#### [What is needed]
Every line below from the one containing "Tento priestranný a" through the one containing "π Timeless Vintage" is to be printed exactly, with the pictures omitted.

#### [Records shown]
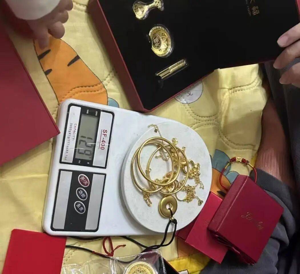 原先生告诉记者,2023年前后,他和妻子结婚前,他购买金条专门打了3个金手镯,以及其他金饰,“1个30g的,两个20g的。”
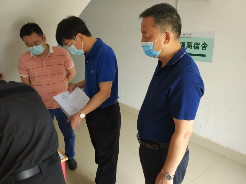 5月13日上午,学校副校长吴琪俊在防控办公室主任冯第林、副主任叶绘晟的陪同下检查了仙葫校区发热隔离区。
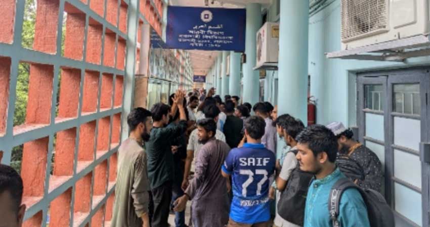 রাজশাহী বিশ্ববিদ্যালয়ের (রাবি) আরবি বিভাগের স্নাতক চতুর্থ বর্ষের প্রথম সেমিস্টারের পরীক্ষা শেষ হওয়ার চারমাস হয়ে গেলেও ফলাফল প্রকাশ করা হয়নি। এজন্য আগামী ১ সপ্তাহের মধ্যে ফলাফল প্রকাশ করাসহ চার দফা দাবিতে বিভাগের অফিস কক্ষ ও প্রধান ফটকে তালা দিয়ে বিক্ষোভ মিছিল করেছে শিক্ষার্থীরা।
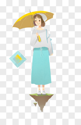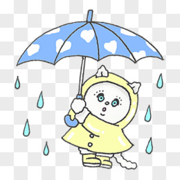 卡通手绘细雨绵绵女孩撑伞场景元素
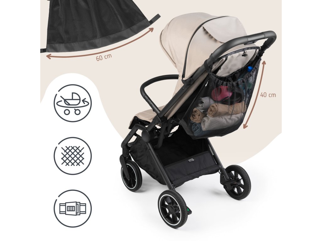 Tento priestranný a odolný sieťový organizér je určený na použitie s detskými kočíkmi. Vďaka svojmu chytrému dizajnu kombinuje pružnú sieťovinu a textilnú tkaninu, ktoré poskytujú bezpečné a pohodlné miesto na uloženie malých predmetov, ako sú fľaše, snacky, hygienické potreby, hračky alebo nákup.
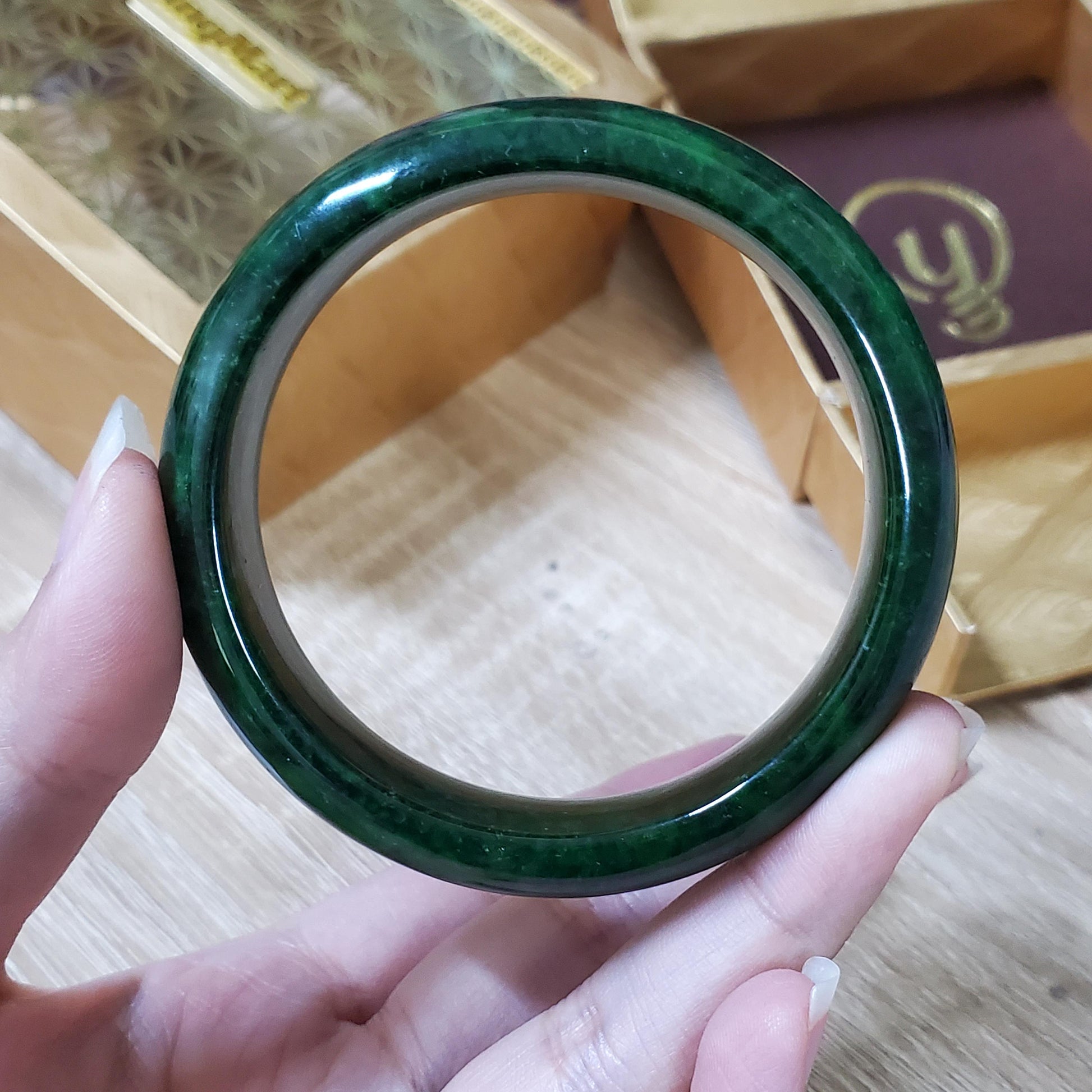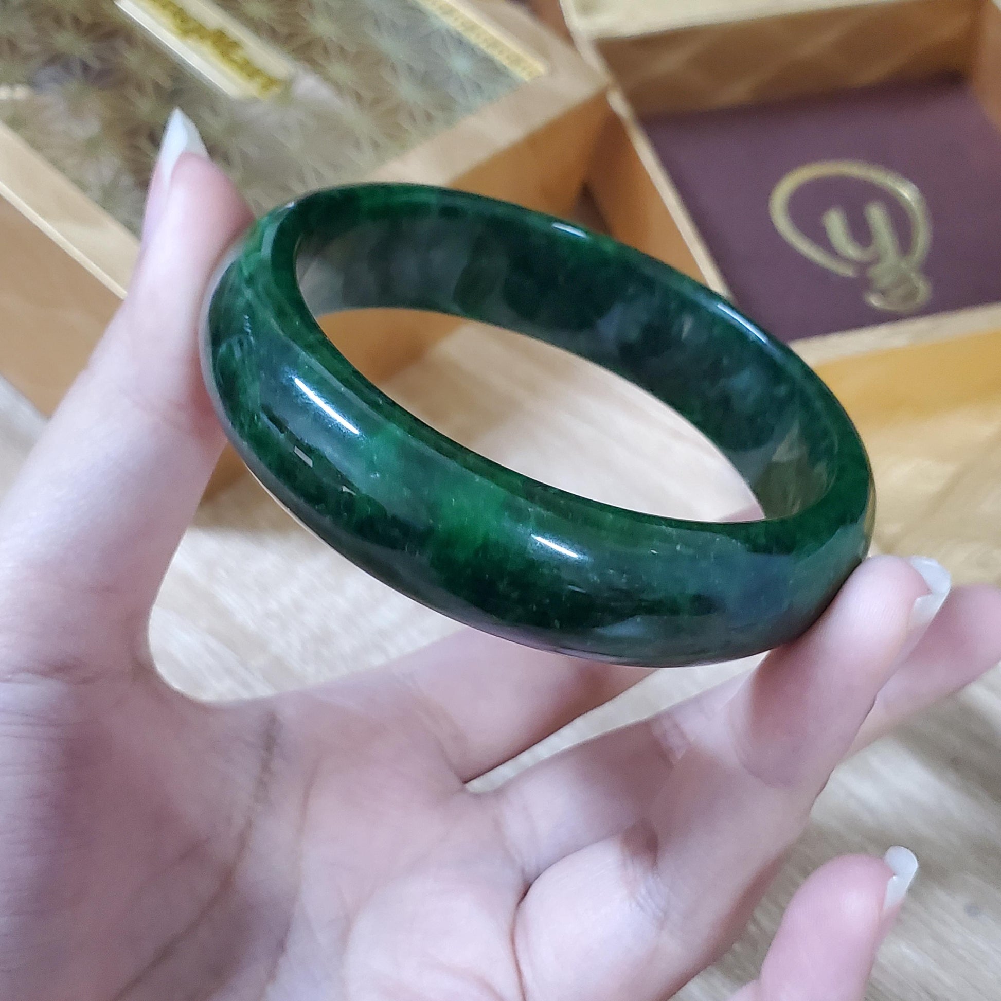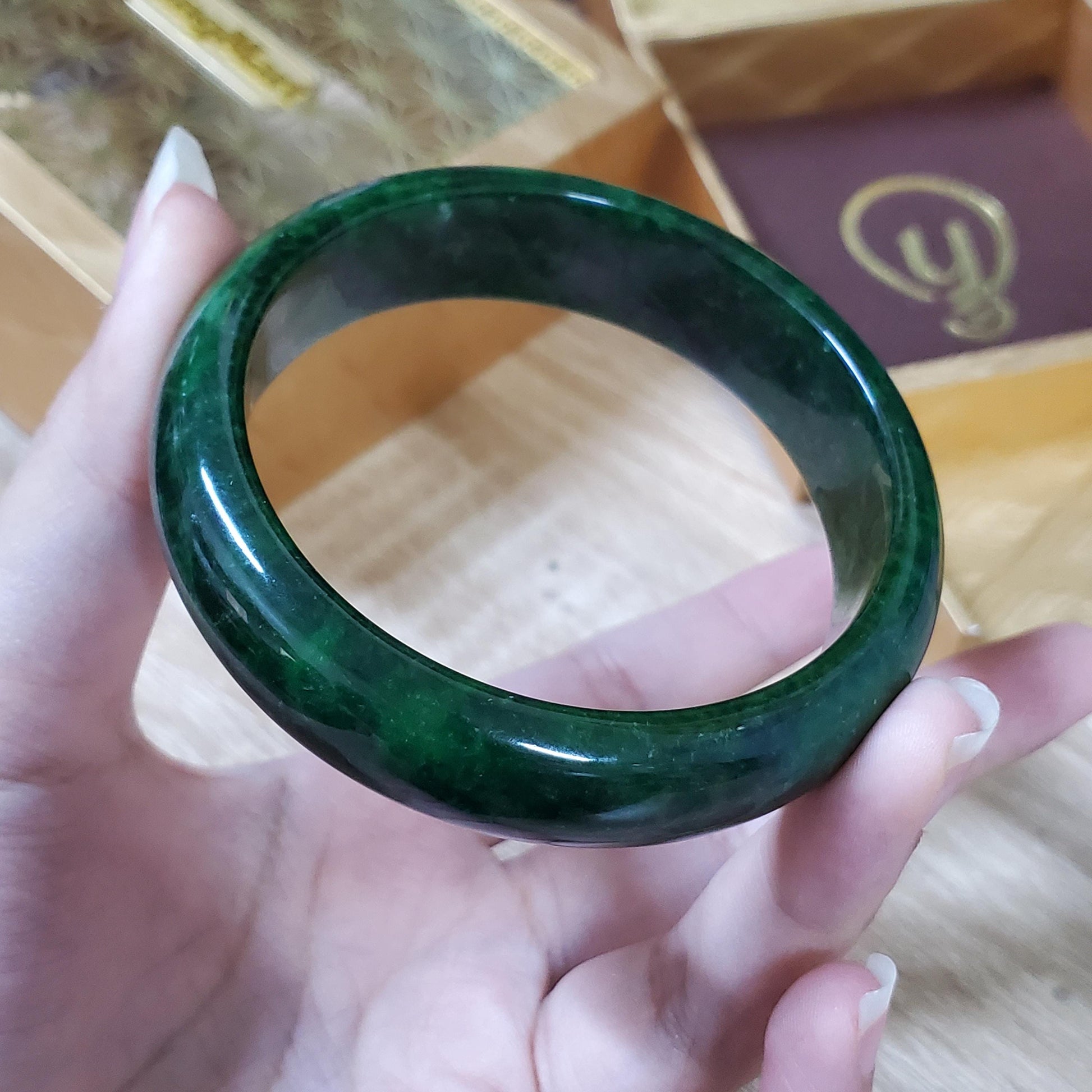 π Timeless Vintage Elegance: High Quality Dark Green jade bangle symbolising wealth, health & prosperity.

---

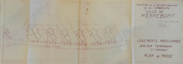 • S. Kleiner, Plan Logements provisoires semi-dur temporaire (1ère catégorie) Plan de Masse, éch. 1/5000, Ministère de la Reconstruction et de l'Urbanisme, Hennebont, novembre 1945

#### [Answer for the task]
 Tento priestranný a odolný sieťový organizér je určený na použitie s detskými kočíkmi. Vďaka svojmu chytrému dizajnu kombinuje pružnú sieťovinu a textilnú tkaninu, ktoré poskytujú bezpečné a pohodlné miesto na uloženie malých predmetov, ako sú fľaše, snacky, hygienické potreby, hračky alebo nákup.
 π Timeless Vintage Elegance: High Quality Dark Green jade bangle symbolising wealth, health & prosperity.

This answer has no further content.